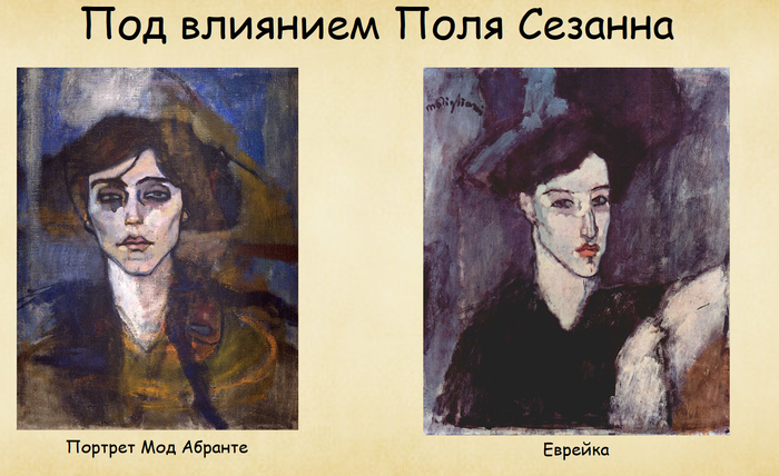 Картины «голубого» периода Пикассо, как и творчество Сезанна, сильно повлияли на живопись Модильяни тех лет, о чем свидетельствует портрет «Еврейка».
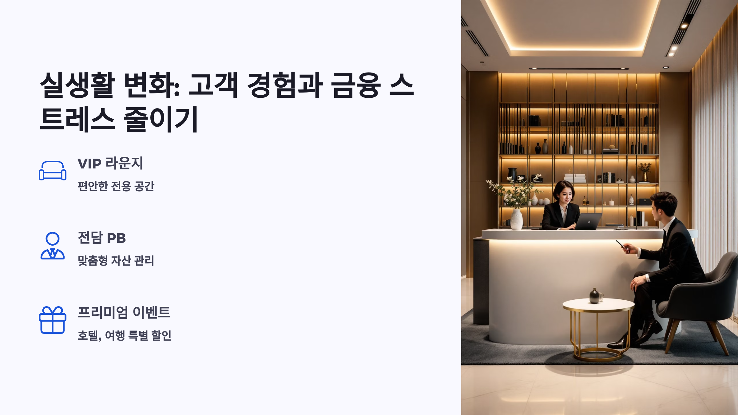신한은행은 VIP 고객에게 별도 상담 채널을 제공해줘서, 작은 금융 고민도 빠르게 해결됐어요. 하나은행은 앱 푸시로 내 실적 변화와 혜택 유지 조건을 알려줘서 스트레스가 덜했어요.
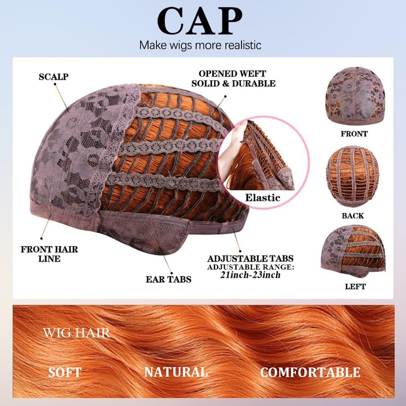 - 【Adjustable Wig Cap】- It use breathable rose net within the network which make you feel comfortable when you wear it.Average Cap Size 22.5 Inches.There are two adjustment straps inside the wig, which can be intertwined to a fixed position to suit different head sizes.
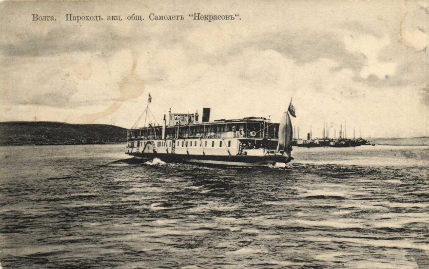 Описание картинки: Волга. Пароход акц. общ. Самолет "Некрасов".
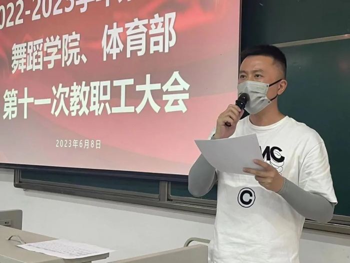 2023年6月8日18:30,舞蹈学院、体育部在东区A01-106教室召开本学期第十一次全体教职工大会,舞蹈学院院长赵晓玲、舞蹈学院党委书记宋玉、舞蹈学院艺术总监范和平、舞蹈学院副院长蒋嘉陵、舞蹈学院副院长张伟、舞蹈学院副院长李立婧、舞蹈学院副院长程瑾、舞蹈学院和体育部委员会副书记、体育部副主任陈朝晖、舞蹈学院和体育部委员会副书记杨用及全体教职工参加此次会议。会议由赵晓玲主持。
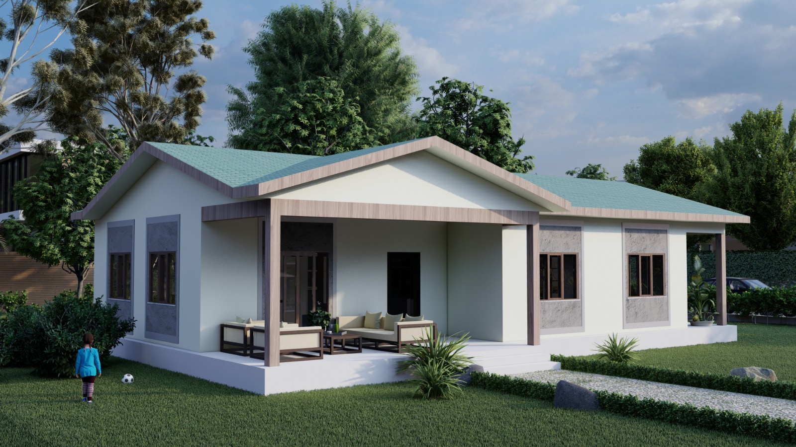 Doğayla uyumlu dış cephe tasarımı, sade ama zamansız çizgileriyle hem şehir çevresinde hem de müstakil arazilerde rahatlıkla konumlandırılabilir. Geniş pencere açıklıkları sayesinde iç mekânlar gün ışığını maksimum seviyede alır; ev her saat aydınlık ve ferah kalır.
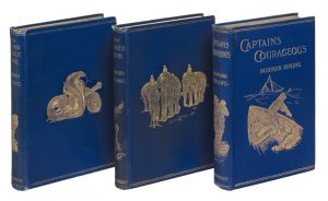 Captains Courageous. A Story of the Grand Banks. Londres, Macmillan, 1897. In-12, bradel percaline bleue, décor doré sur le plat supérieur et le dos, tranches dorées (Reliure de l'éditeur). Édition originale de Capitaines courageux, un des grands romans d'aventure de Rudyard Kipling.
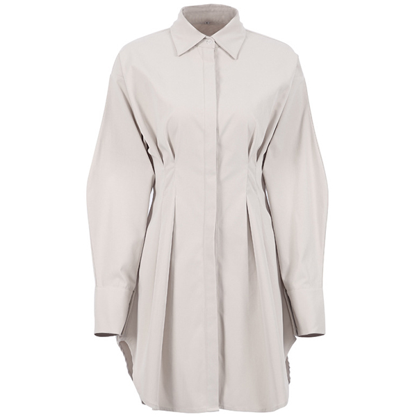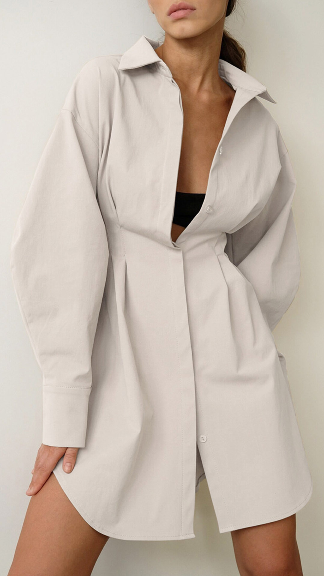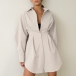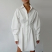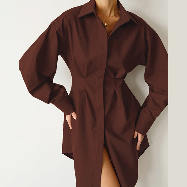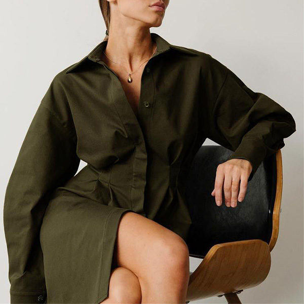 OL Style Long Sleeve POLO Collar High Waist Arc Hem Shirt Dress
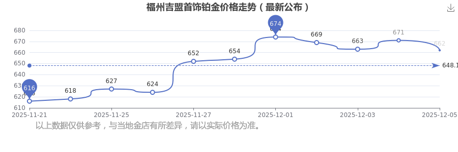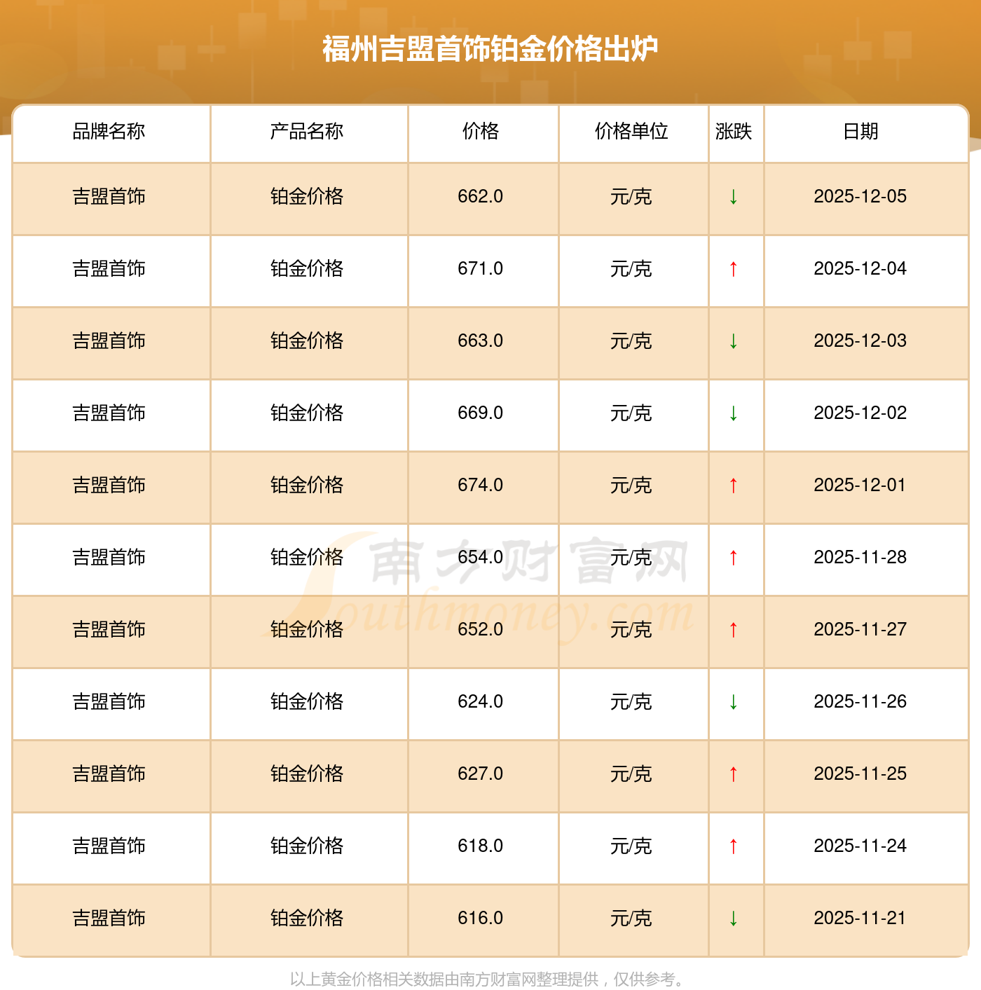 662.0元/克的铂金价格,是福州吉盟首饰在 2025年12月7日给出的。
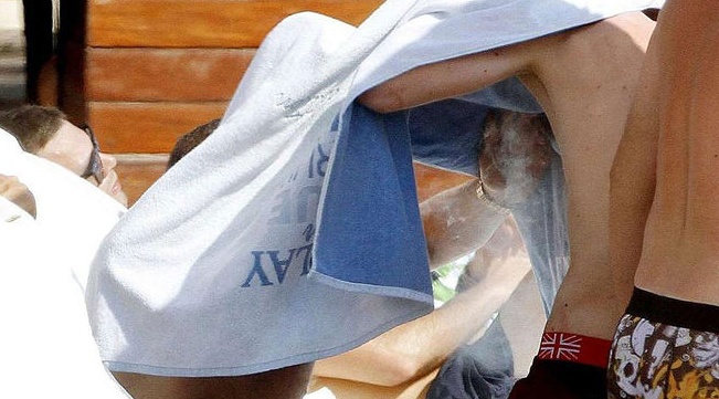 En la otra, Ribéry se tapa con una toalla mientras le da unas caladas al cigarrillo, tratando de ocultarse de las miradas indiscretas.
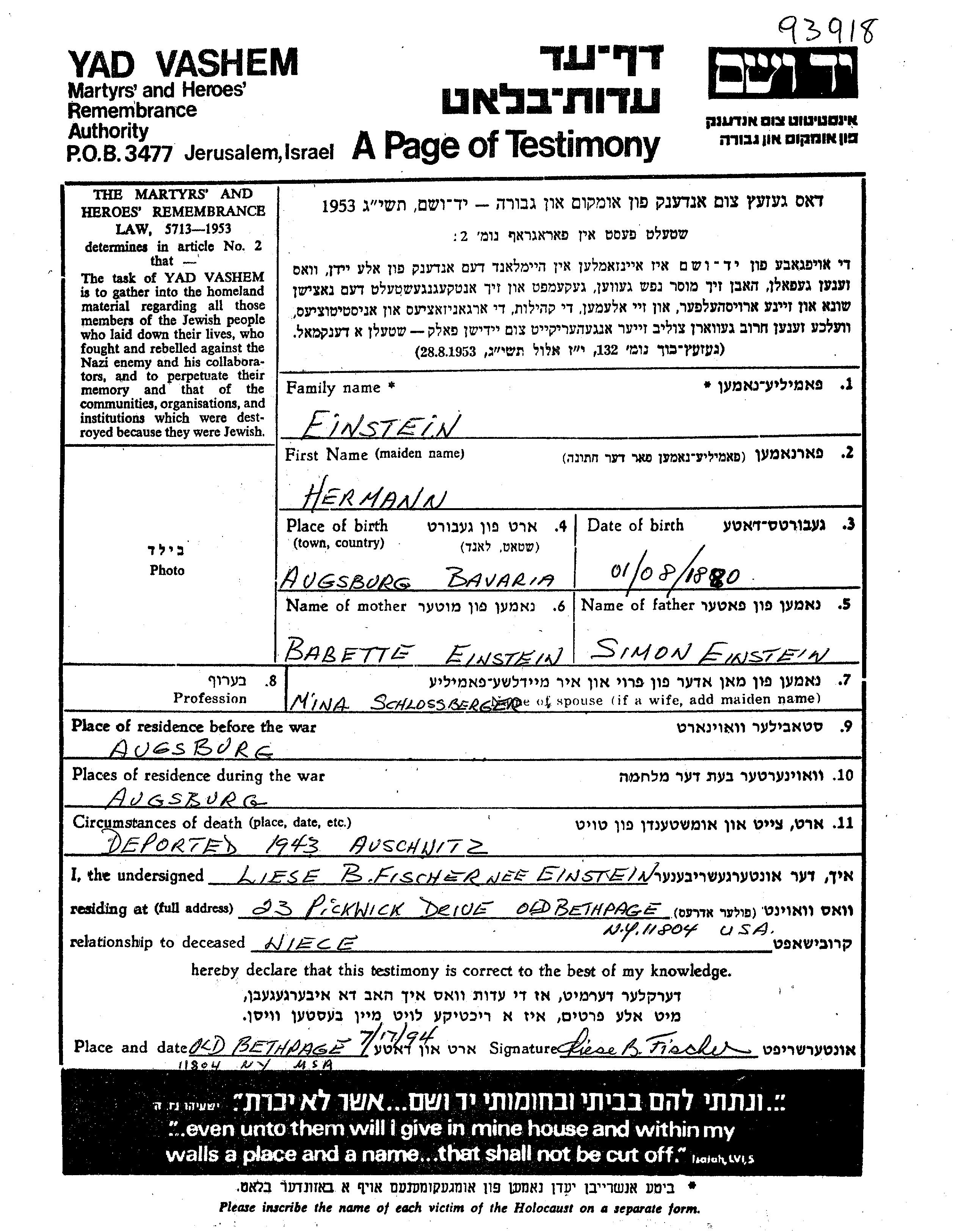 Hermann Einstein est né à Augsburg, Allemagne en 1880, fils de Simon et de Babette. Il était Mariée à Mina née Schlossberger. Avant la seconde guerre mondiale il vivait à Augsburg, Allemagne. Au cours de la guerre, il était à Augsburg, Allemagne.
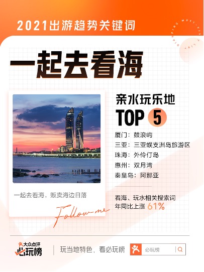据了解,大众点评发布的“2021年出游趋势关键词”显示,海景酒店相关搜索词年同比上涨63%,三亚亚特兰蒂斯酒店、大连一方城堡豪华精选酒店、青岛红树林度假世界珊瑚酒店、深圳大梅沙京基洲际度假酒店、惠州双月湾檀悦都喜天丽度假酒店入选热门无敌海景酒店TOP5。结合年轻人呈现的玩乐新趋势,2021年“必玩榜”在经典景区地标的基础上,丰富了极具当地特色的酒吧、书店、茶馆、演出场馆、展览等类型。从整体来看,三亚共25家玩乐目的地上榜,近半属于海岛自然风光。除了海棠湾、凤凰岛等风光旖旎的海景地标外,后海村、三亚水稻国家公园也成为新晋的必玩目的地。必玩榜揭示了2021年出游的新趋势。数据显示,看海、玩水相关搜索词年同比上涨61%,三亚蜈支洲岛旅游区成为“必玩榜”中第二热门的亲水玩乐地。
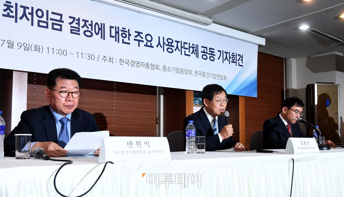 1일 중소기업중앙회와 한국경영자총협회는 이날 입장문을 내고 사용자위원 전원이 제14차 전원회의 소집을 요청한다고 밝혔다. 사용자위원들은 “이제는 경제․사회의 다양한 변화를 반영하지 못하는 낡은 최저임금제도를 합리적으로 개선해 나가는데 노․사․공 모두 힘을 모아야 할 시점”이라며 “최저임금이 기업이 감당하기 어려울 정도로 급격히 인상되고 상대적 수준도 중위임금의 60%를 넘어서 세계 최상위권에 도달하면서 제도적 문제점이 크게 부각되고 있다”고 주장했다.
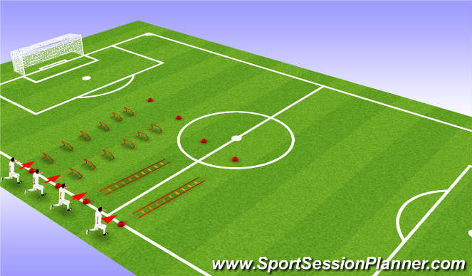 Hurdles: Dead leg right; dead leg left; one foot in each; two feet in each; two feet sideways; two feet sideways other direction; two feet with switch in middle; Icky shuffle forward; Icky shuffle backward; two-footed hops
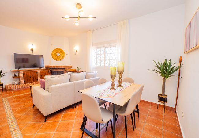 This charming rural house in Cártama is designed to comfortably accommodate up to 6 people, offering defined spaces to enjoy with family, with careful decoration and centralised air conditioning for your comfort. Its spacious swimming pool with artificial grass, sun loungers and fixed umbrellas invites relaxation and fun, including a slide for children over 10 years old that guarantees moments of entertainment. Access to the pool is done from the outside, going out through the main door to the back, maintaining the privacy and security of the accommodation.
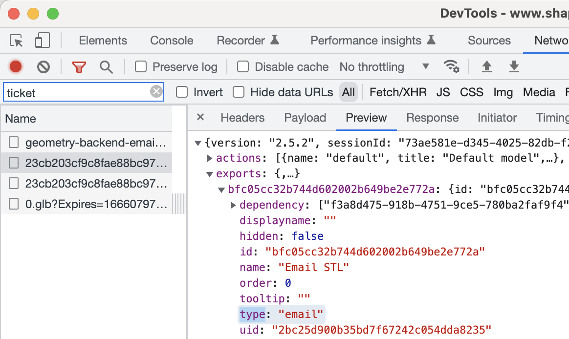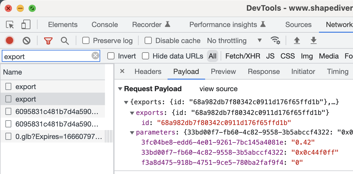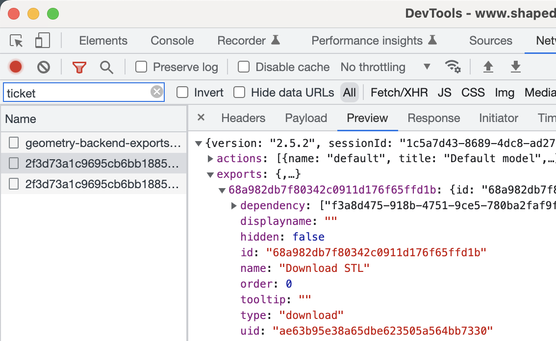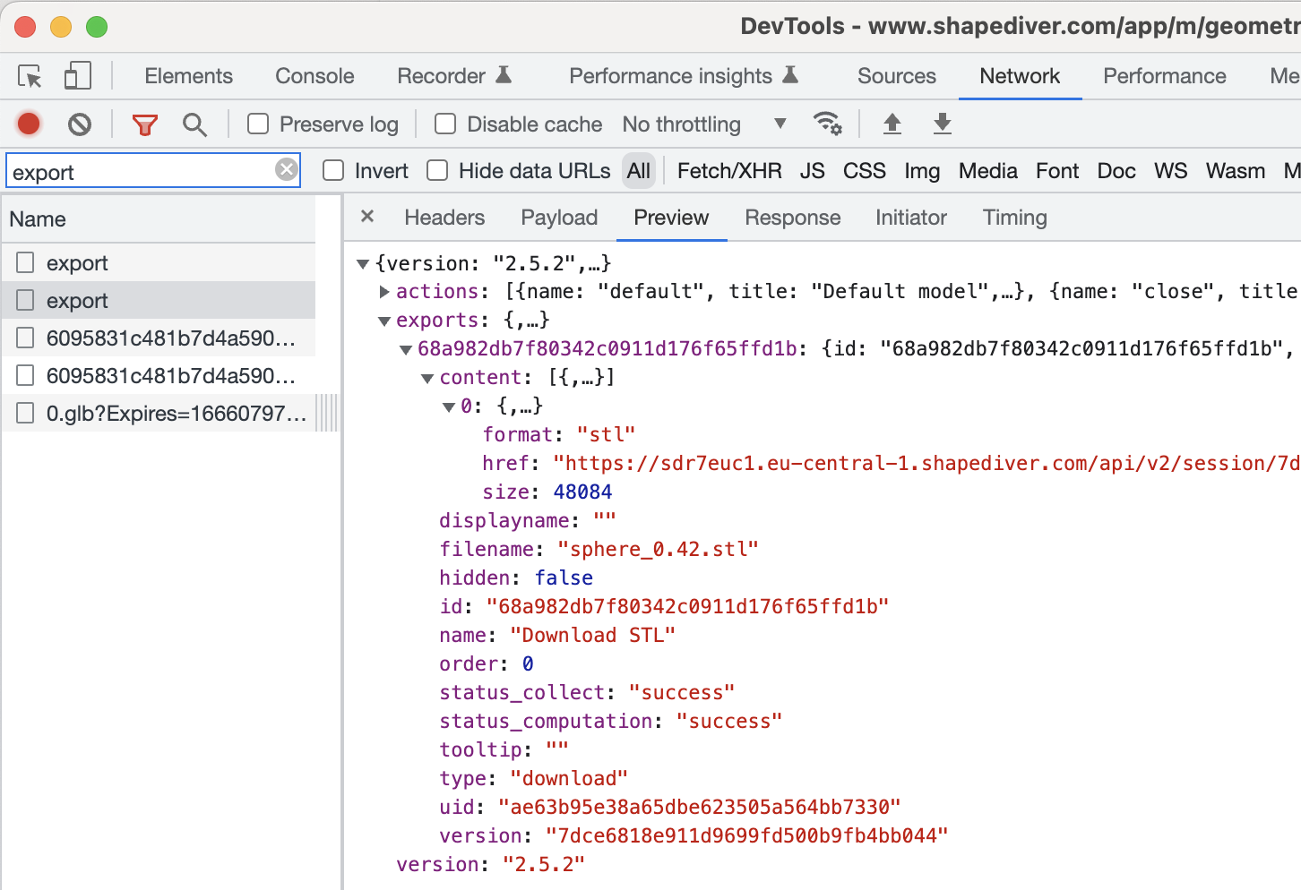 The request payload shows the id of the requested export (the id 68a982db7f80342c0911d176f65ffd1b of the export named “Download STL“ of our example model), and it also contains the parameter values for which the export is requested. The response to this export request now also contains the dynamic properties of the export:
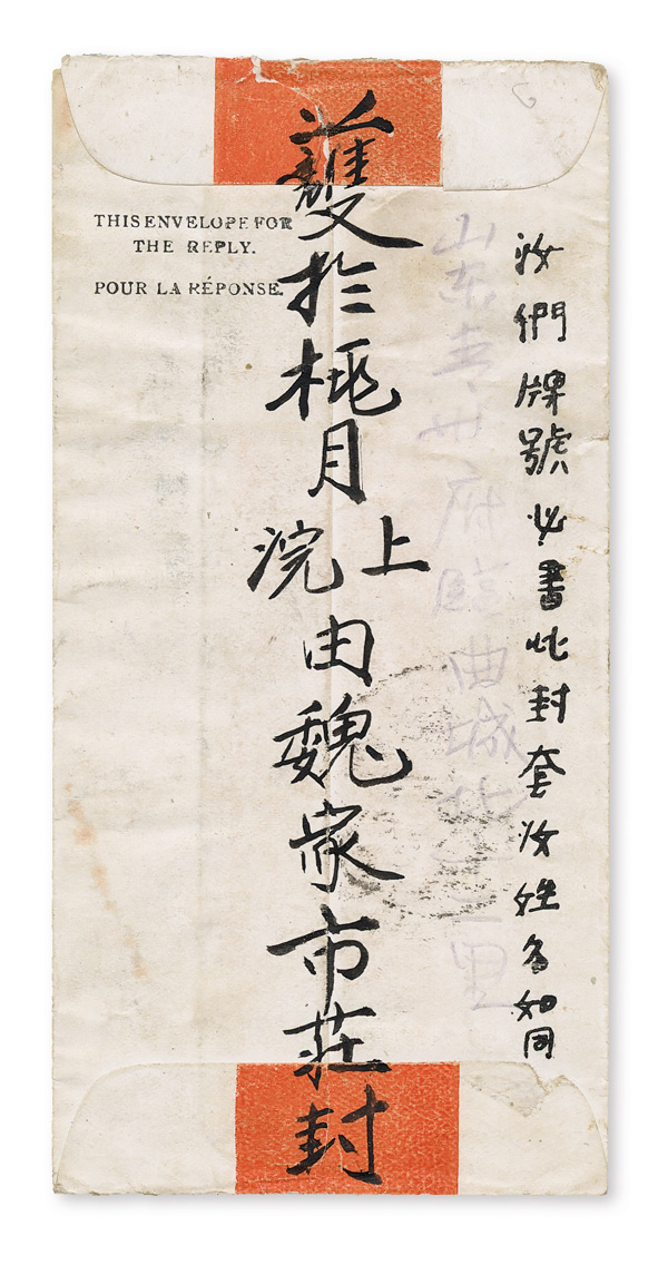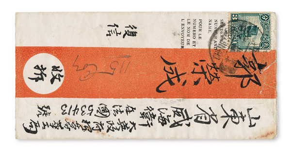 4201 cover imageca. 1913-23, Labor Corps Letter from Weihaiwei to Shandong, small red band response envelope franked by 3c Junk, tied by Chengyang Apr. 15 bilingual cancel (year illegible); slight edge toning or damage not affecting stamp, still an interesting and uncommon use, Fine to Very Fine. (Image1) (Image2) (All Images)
┄┄┄┄┄┄┄┄┄┄
Using the records above, repeat exactly the run of lines that starts with the line with "OL Style Long" and goes on through the line with "En la otra, Ribéry"; omit each picture.

- Exercise result -
 OL Style Long Sleeve POLO Collar High Waist Arc Hem Shirt Dress
 662.0元/克的铂金价格,是福州吉盟首饰在 2025年12月7日给出的。
 En la otra, Ribéry se tapa con una toalla mientras le da unas caladas al cigarrillo, tratando de ocultarse de las miradas indiscretas.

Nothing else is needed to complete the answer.